US-traded spot Bitcoin ETF all-time flows
US spot Bitcoin ETF cumulative internet inflows reached $57.5 billion by December 18, 2025, with each day flows exhibiting elevated volatility in current months. Image: Farside Investors

On Dec. 15, Bitcoin held close to $87,000 at the same time as ETFs bled greater than $350 million in a single day, stressing that ETF flows are actually giant sufficient to maneuver intraday sentiment but not persistently additive to cost.

The car is buying and selling macro expectations and charge coverage, not delivering a regular “up solely” impulse.

What stagnation appears like in Q1 2026

Structural stagnation is not a bearish name, but simply a liquidity regime.

Spot books on prime centralized exchanges have recovered to pre-FTX ranges for Bitcoin.
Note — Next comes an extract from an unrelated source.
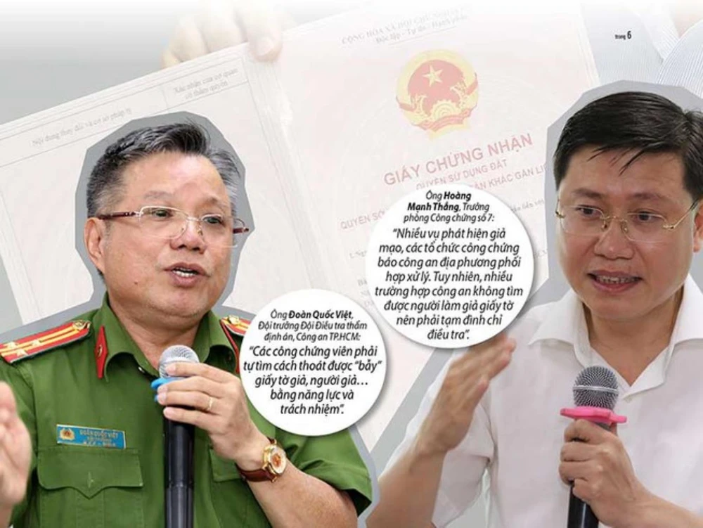Nạn giả người, giả giấy tờ công chứng ngày càng nhiều và tinh vi nhưng công an bị vướng trong xử lý vì luật chưa được giải thích rõ. Và vì vậy, các tổ chức công chức xem như đang "cô đơn" trong hành trình chống giấy tờ giả. Ảnh: HOÀNG GIANG
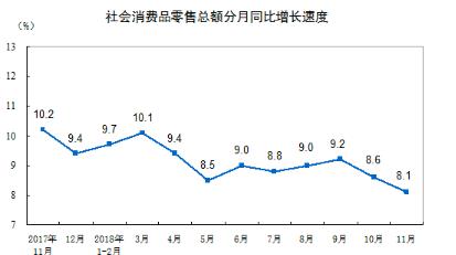 从名义增长看,11月份社会消费品零售总额当月同比增速比上月回落0.5个百分点,主要是受汽车类商品降幅扩大和石油类商品增速高位回落等因素影响。11月份,限额以上单位汽车类商品同比下降10%,降幅比上月扩大3.6个百分点;石油类商品增长8.5%,增速回落8.6个百分点。据测算,此两类商品拉低社会消费品零售总额增速超过0.7个百分点。从实际增长看,扣除物价因素,11月份社会消费品零售总额实际增速比上月加快0.2个百分点。

Still, close-to-mid liquidity stays within the low single-digit tens of millions per aspect on most venues and is overwhelmingly focused on Binance.

On-exchange reserves sit at report lows, but inter-exchange flows have collapsed, so skinny books translate to jumpier slippage and bigger worth affect for a similar notional.

Perpetual open curiosity reset, funding stays impartial, and choices plus overhead spot supply between $93,000 and $120,000 mechanically pin Bitcoin into a vary till new capital or a macro catalyst forces repositioning.

ETF flows swing by lots of of tens of millions of {dollars} daily, but the signal flips on charge information, employment prints, and Fed steering reasonably than crypto-native fundamentals.

Unless considered one of three issues adjustments, Bitcoin can have bullish headlines, new merchandise, and increasing infrastructure whereas worth motion stays uneven and range-bound via the primary half of 2026.

Liquidity exists, but it is caught. The infrastructure is institutional-grade, but it isn’t scale-ready. The capital is giant, but it is fragmented throughout venues, wrappers, and jurisdictions.

That’s what structural stagnation means: not damaged, not bearish, simply boxed in by its personal plumbing till one thing forces the following leg.